● RECORDED INFORMATION:
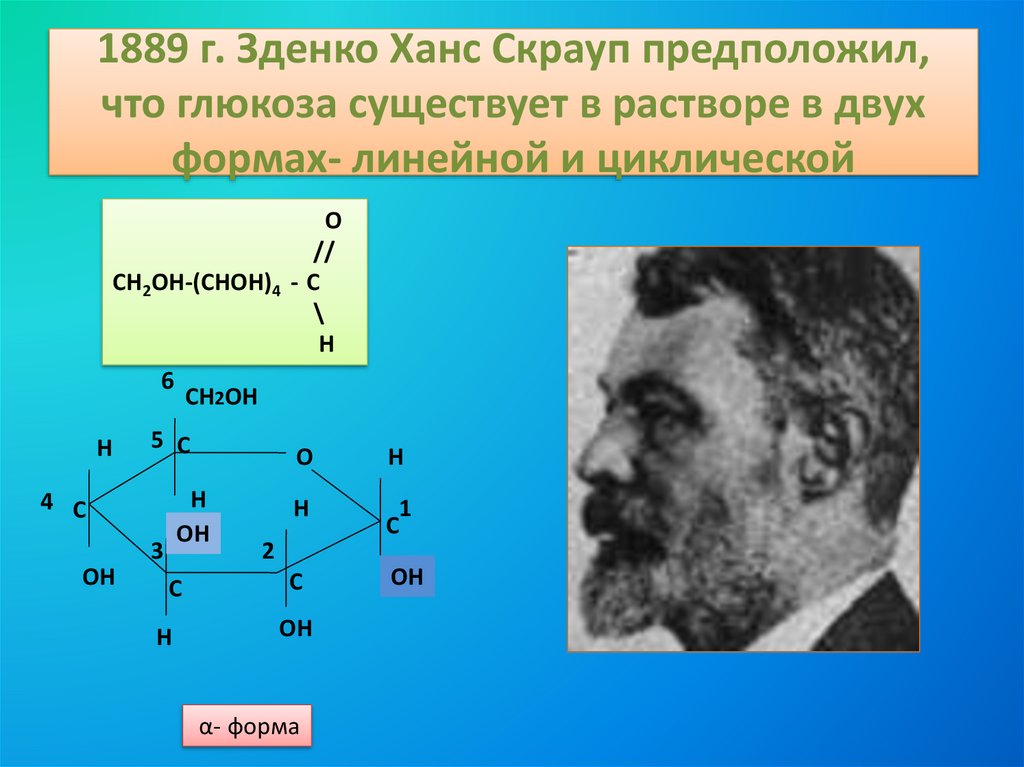 1889 г. Зденко Ханс Скрауп предположил,что глюкоза существует в растворе в двух
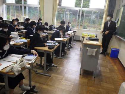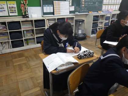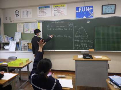 比例と反比例の利用(1年数学) 公開日 2022/11/29 更新日 2022/11/29 校長室から 1年生の数学では、比例と反比例を学習しています。 今日は、これまでに習ったことを利用して、練習問題を解きました。 問題のレベルも学習の様子も、いつの間にかすっかり中学生だなと感じました。 時折、幼い行動もありますが、4月と比べるとすっかり中学校に適応して活躍する姿をみて、とても頼もしく感じました。
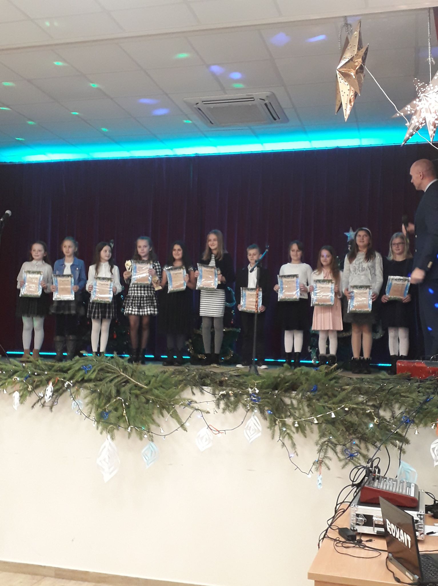 W konkursie wystąpiły ponadto: Leśniewska Lena - kl.I, Kamińska - Kamila - kl.III i Spólnik Natalia - kl.VI, które otrzymały dyplomy. Wszystkim solistkom składamy serdeczne gratulacje.

● PROBLEM DESCRIPTION:
All lines of the listing must be given again exactly, excluding the pictures.

● EXPECTED OUTPUT:
 1889 г. Зденко Ханс Скрауп предположил,что глюкоза существует в растворе в двух
 比例と反比例の利用(1年数学) 公開日 2022/11/29 更新日 2022/11/29 校長室から 1年生の数学では、比例と反比例を学習しています。 今日は、これまでに習ったことを利用して、練習問題を解きました。 問題のレベルも学習の様子も、いつの間にかすっかり中学生だなと感じました。 時折、幼い行動もありますが、4月と比べるとすっかり中学校に適応して活躍する姿をみて、とても頼もしく感じました。
 W konkursie wystąpiły ponadto: Leśniewska Lena - kl.I, Kamińska - Kamila - kl.III i Spólnik Natalia - kl.VI, które otrzymały dyplomy. Wszystkim solistkom składamy serdeczne gratulacje.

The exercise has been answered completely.